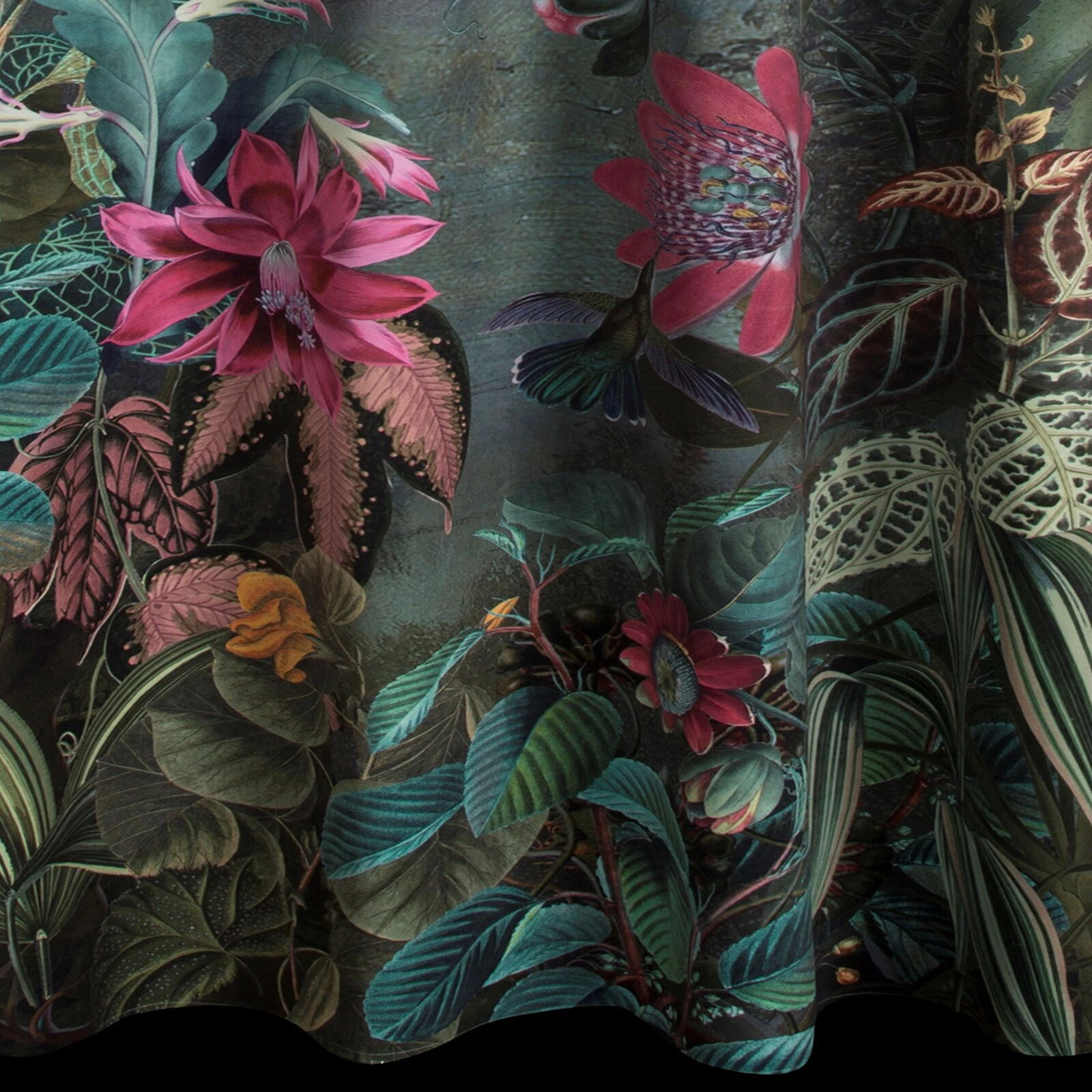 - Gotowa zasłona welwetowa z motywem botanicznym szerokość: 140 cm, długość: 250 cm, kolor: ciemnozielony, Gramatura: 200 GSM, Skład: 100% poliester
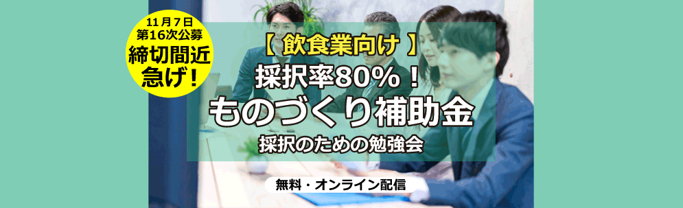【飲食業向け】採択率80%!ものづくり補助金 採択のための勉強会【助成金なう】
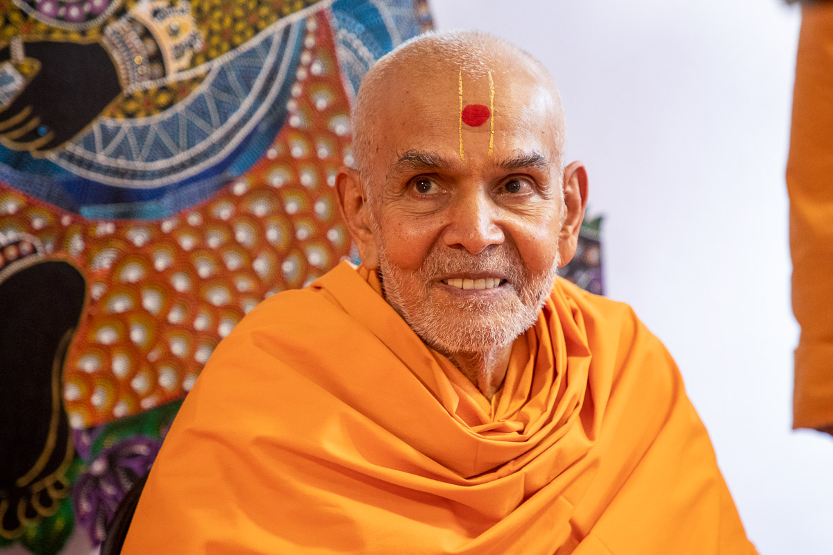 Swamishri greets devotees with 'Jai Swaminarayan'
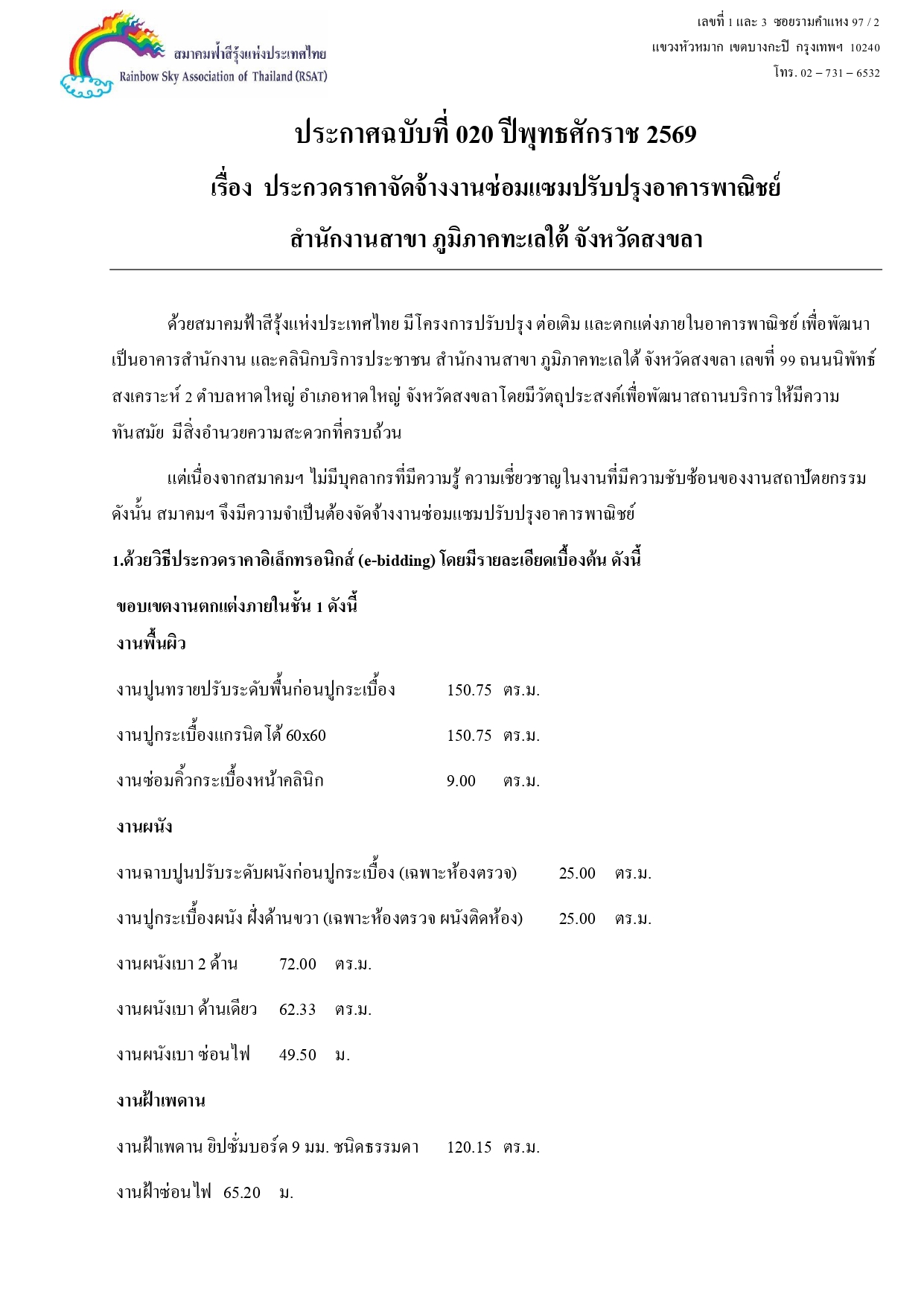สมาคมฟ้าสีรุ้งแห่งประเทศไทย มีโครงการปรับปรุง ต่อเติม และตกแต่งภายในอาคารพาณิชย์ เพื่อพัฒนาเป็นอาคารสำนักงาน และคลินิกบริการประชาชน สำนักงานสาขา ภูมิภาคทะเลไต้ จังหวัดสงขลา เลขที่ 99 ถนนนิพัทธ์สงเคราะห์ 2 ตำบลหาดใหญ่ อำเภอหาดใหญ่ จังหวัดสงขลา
■ ■ ■ ■
• [Exercise directions]:
The answer is the full listing above, repeated exactly, with its pictures removed.

• [Answer box]:
 - Gotowa zasłona welwetowa z motywem botanicznym szerokość: 140 cm, długość: 250 cm, kolor: ciemnozielony, Gramatura: 200 GSM, Skład: 100% poliester
【飲食業向け】採択率80%!ものづくり補助金 採択のための勉強会【助成金なう】
 Swamishri greets devotees with 'Jai Swaminarayan'
สมาคมฟ้าสีรุ้งแห่งประเทศไทย มีโครงการปรับปรุง ต่อเติม และตกแต่งภายในอาคารพาณิชย์ เพื่อพัฒนาเป็นอาคารสำนักงาน และคลินิกบริการประชาชน สำนักงานสาขา ภูมิภาคทะเลไต้ จังหวัดสงขลา เลขที่ 99 ถนนนิพัทธ์สงเคราะห์ 2 ตำบลหาดใหญ่ อำเภอหาดใหญ่ จังหวัดสงขลา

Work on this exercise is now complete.